(Dataset entries)
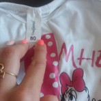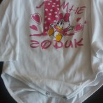 Белый боди с рисунком на 1 годик девочке. Рукав длинный. Состояние нормальное, единственный дефект видно на фото (возле кнопки пустила ткань стрелку)
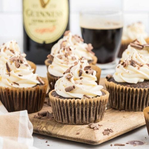 Rich and moist Guinness cupcakes bring a traditional Irish-inspired flavor to your dessert table. Topped with creamy frosting, they’re perfect for adults celebrating St. Patrick’s Day.
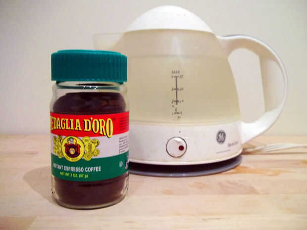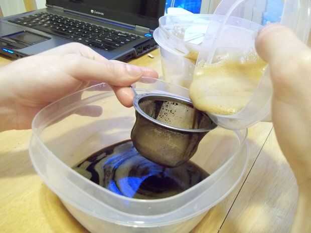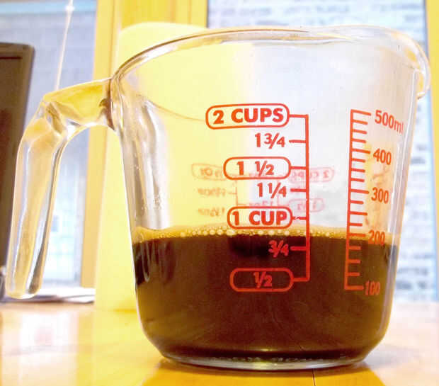 Utiliza un espresso en polvo para esta receta y preparó un poco más fuerte que lo que dictan las instrucciones. Recuerda que estas esferas de caviar de café serán pequeñas-querrá que suponen un aporte de sabor que usted notará en pocos caviar "gotas". En mi caso, el café fue un poco amargo, así que añadido 3 cucharaditas de azúcar. Se puede sustituir el café fresco, o jugos de fruta incluso fuertemente condimentado - sólo ten cuidado con la acidez, como algo demasiado ácido producirá la reacción.
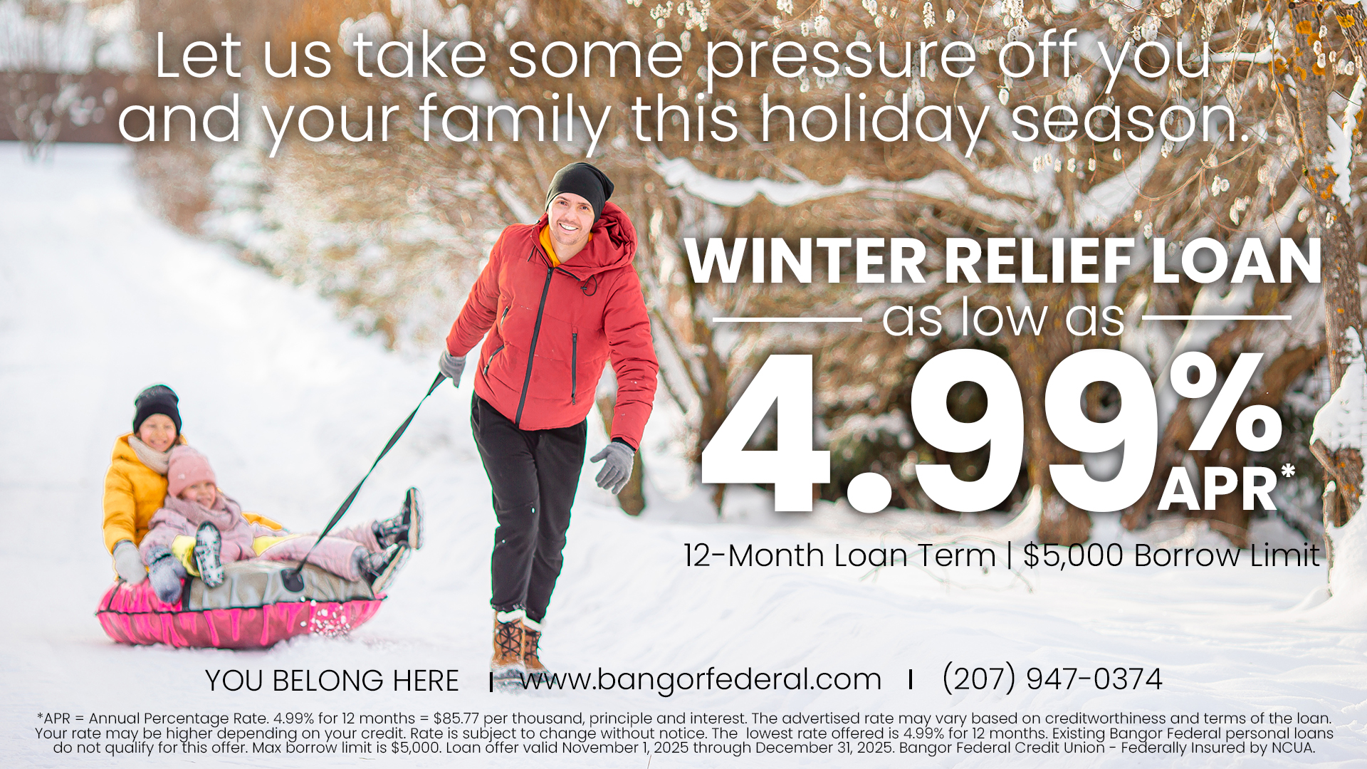 It’s no secret – your dollar doesn’t stretch as far as it used to. Let the team at Bangor Federal Credit Union take some pressure off you and your family this holiday season with our Winter Relief loan.
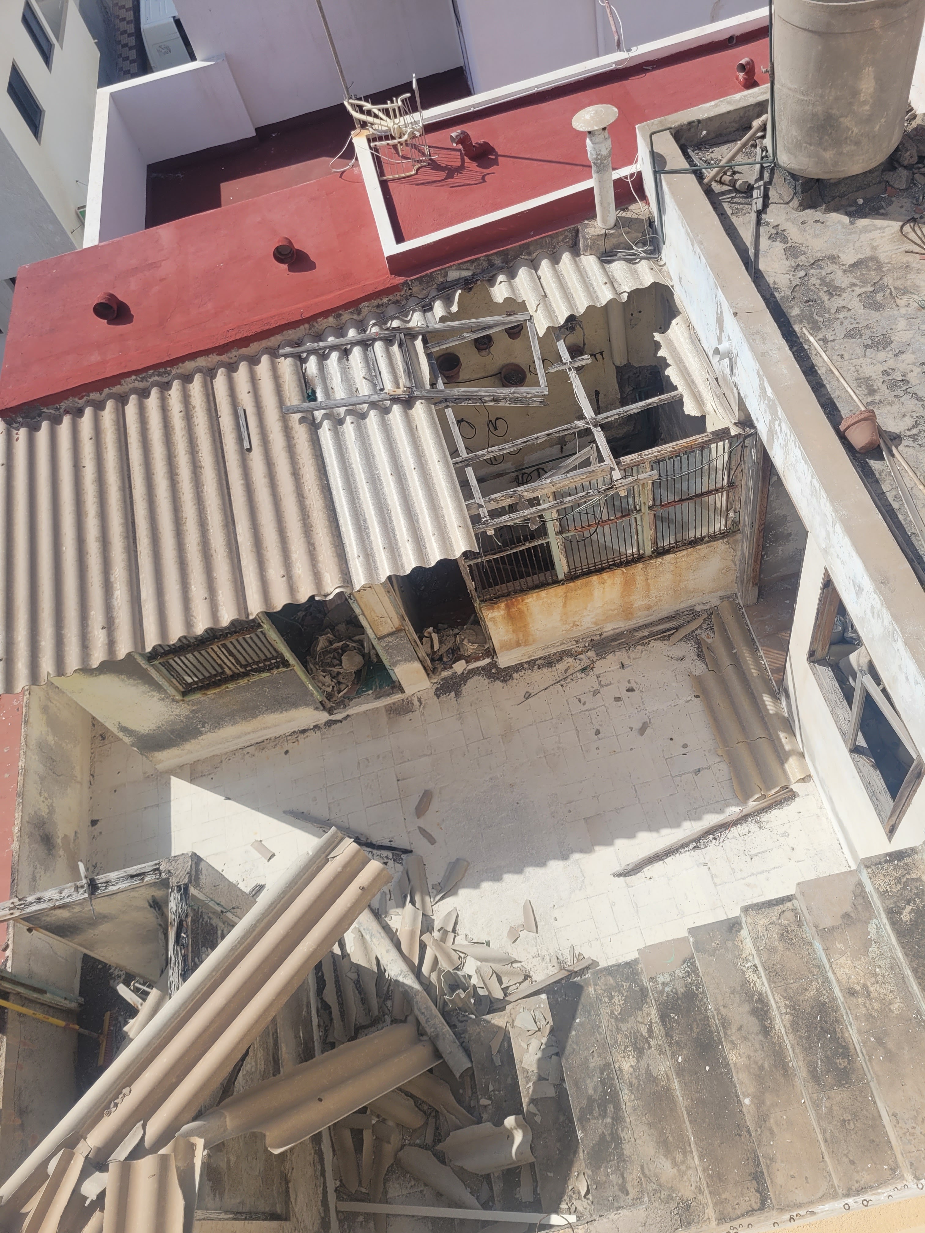 Häruppifrån kan jag se att grannhuset är mycket förfallet. En ruin, där duvorna bor i resterna av taket. Sorgligt, samtidigt som det gör mig nyfiken. Hur och varför? Ett hus här måste ju vara värt någonting. Och resten av husen är mycket välvårdade.
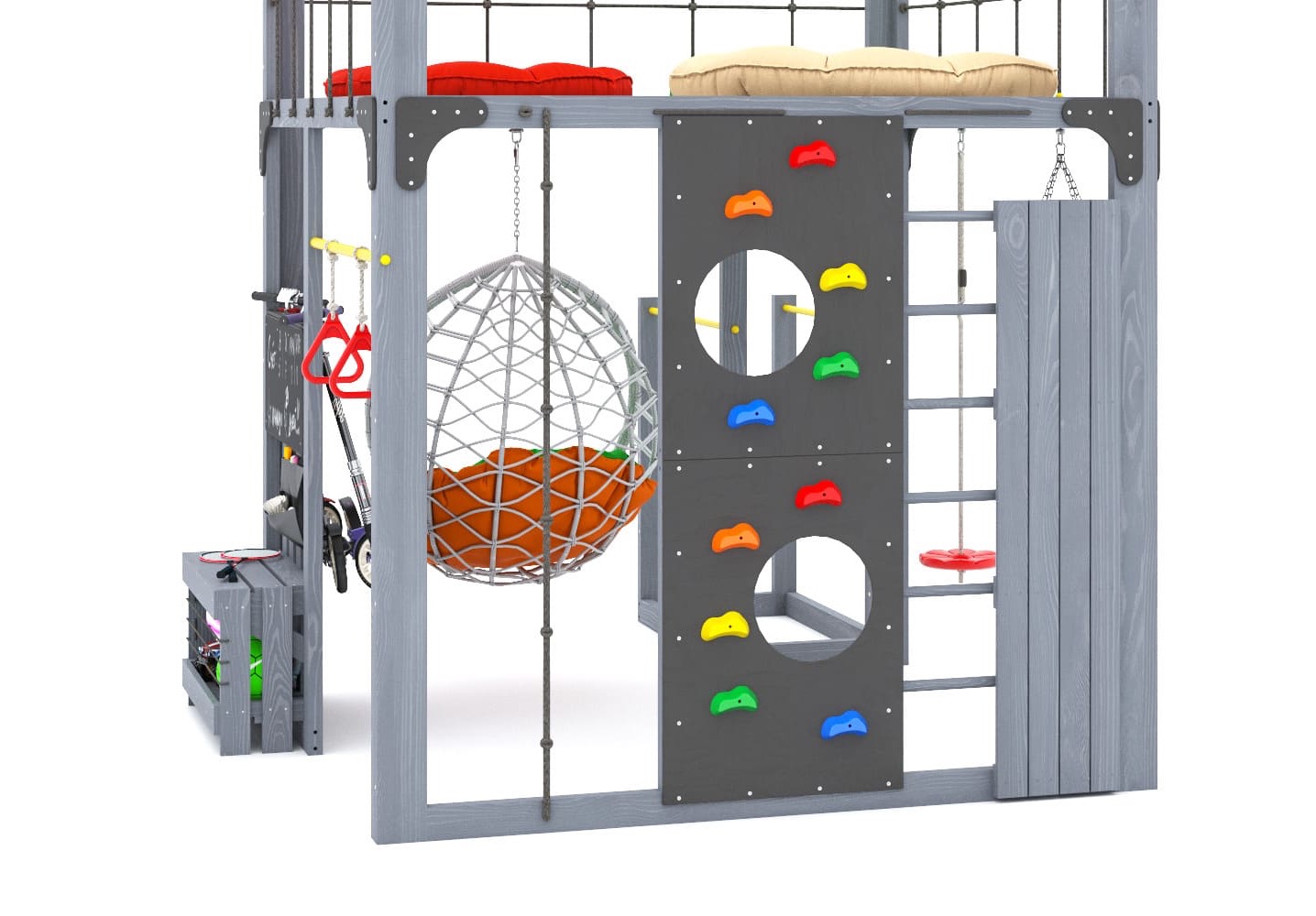 Детская деревянная площадка Савушка Куб-1 серый с подушками и коконом для дачи
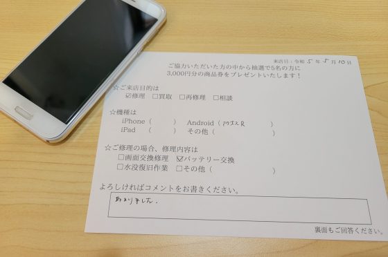 AQUOS Rバッテリー交換修理のお客様からコメントをいただきました
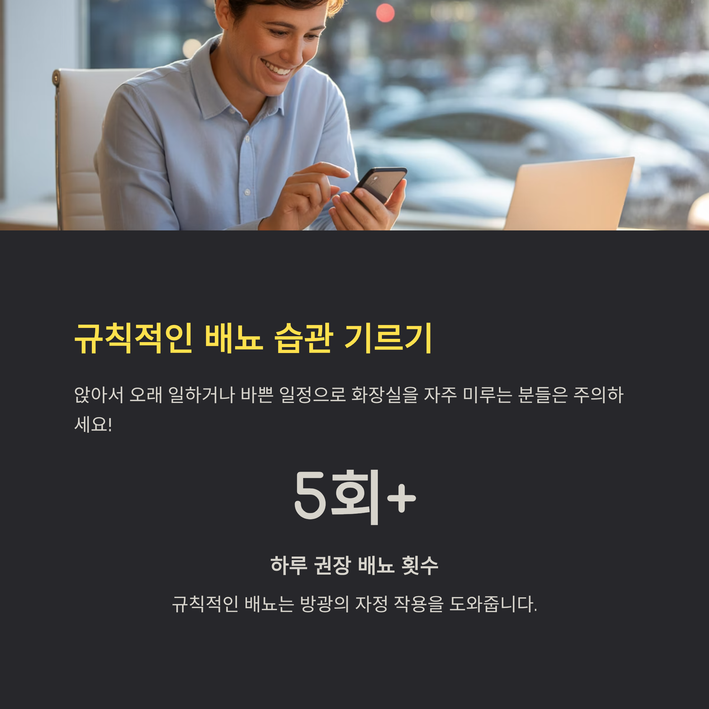 특히 앉아서 오래 일하는 분들, 바쁜 일정으로 화장실을 자주 미루는 분들은 주의해야 해요.
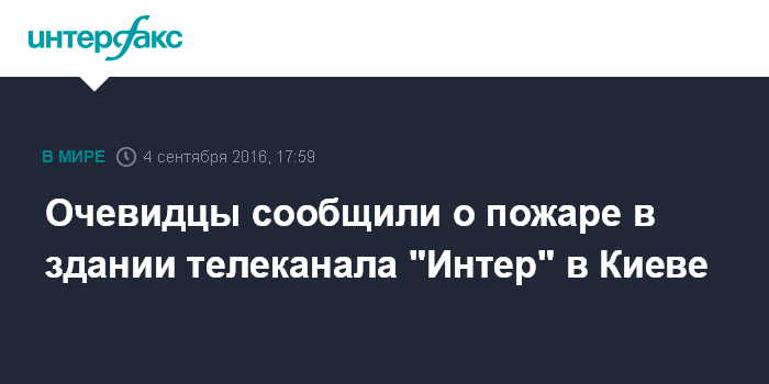 Москва. 4 сентября. INTERFAX.RU - Пожар начался в здании телеканала "Интер", расположенном на улице Щусева в Киеве, сообщают очевидцы в соцсетях в воскресенье.
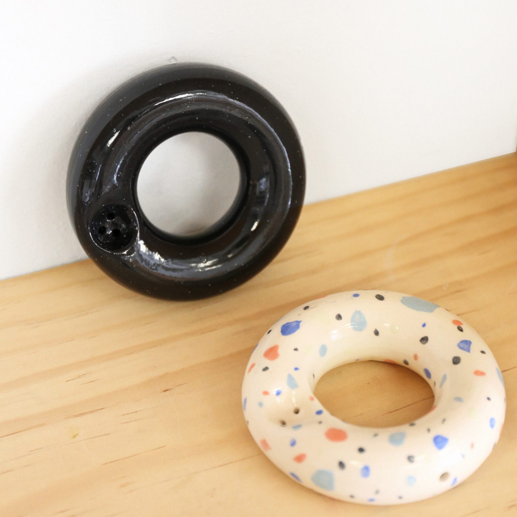 John Quick, un étudiant en art, a créé une collection de pipes à cannabis en forme de donuts, recouvertes d'un émail en céramique ressemblant à du glaçage ! La collection Donut Pipes est fabriquée à la main par Quick, qui étudie au Flagler College de Saint Augustine.
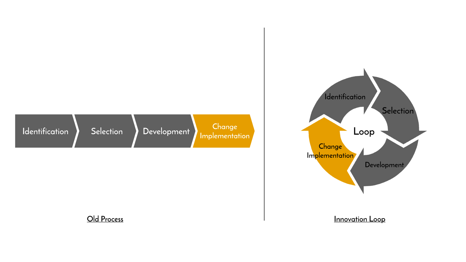 2. Process: All process definition follows a logical sequence of identification, selection, development and change implementation. Most organizations, even the ones that do this well, are more likely to do this linearly. An innovative organization does this in an iterative way (image below). What the extremely innovative companies do is embed this loop approach in all the sub processes that make up sales, hiring, product development etc. It boils down to building agility into all your processes. Adobe figured out the process of innovation to the point that they put it in a box, because it is truly a process and should be replicable for it to truly become a culture.
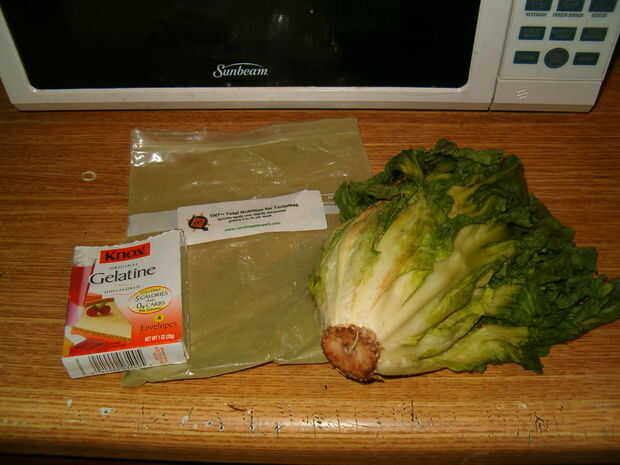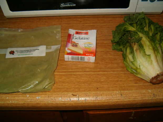 Este es el paso más versátil. Puede agregar cualquier cosa que sea segura para sus peces comer. Ya que es para mi Bristlenose Pleco, acabo de añadir lechuga (mi lechuga era una cabeza de escarola que tengo para mi tortuga, pero ella odia escarola, por lo que acabó siendo alimento de pescados. Era seguro wilty, pero todavía un poco. Probé algunos primeros y no han enfermado. ) y un suplemento (TnT Nutirtion Total de tortugas) que es básicamente justo diferentes flores y plantas de la tierra a un polvo. He añadido esto puesto que sólo tenía un tipo de lechuga y yo quería que fuera una comida más completa. El único ingrediente que es constante es la gelatina sin sabor. He utilizado a Knox.

Requirement >> What is needed is an exact copy of the data, without any pictures.

Solved problem >>
 Белый боди с рисунком на 1 годик девочке. Рукав длинный. Состояние нормальное, единственный дефект видно на фото (возле кнопки пустила ткань стрелку)
 Rich and moist Guinness cupcakes bring a traditional Irish-inspired flavor to your dessert table. Topped with creamy frosting, they’re perfect for adults celebrating St. Patrick’s Day.
 Utiliza un espresso en polvo para esta receta y preparó un poco más fuerte que lo que dictan las instrucciones. Recuerda que estas esferas de caviar de café serán pequeñas-querrá que suponen un aporte de sabor que usted notará en pocos caviar "gotas". En mi caso, el café fue un poco amargo, así que añadido 3 cucharaditas de azúcar. Se puede sustituir el café fresco, o jugos de fruta incluso fuertemente condimentado - sólo ten cuidado con la acidez, como algo demasiado ácido producirá la reacción.
 It’s no secret – your dollar doesn’t stretch as far as it used to. Let the team at Bangor Federal Credit Union take some pressure off you and your family this holiday season with our Winter Relief loan.
 Häruppifrån kan jag se att grannhuset är mycket förfallet. En ruin, där duvorna bor i resterna av taket. Sorgligt, samtidigt som det gör mig nyfiken. Hur och varför? Ett hus här måste ju vara värt någonting. Och resten av husen är mycket välvårdade.
 Детская деревянная площадка Савушка Куб-1 серый с подушками и коконом для дачи
 AQUOS Rバッテリー交換修理のお客様からコメントをいただきました
 특히 앉아서 오래 일하는 분들, 바쁜 일정으로 화장실을 자주 미루는 분들은 주의해야 해요.
 Москва. 4 сентября. INTERFAX.RU - Пожар начался в здании телеканала "Интер", расположенном на улице Щусева в Киеве, сообщают очевидцы в соцсетях в воскресенье.
 John Quick, un étudiant en art, a créé une collection de pipes à cannabis en forme de donuts, recouvertes d'un émail en céramique ressemblant à du glaçage ! La collection Donut Pipes est fabriquée à la main par Quick, qui étudie au Flagler College de Saint Augustine.
 2. Process: All process definition follows a logical sequence of identification, selection, development and change implementation. Most organizations, even the ones that do this well, are more likely to do this linearly. An innovative organization does this in an iterative way (image below). What the extremely innovative companies do is embed this loop approach in all the sub processes that make up sales, hiring, product development etc. It boils down to building agility into all your processes. Adobe figured out the process of innovation to the point that they put it in a box, because it is truly a process and should be replicable for it to truly become a culture.
 Este es el paso más versátil. Puede agregar cualquier cosa que sea segura para sus peces comer. Ya que es para mi Bristlenose Pleco, acabo de añadir lechuga (mi lechuga era una cabeza de escarola que tengo para mi tortuga, pero ella odia escarola, por lo que acabó siendo alimento de pescados. Era seguro wilty, pero todavía un poco. Probé algunos primeros y no han enfermado. ) y un suplemento (TnT Nutirtion Total de tortugas) que es básicamente justo diferentes flores y plantas de la tierra a un polvo. He añadido esto puesto que sólo tenía un tipo de lechuga y yo quería que fuera una comida más completa. El único ingrediente que es constante es la gelatina sin sabor. He utilizado a Knox.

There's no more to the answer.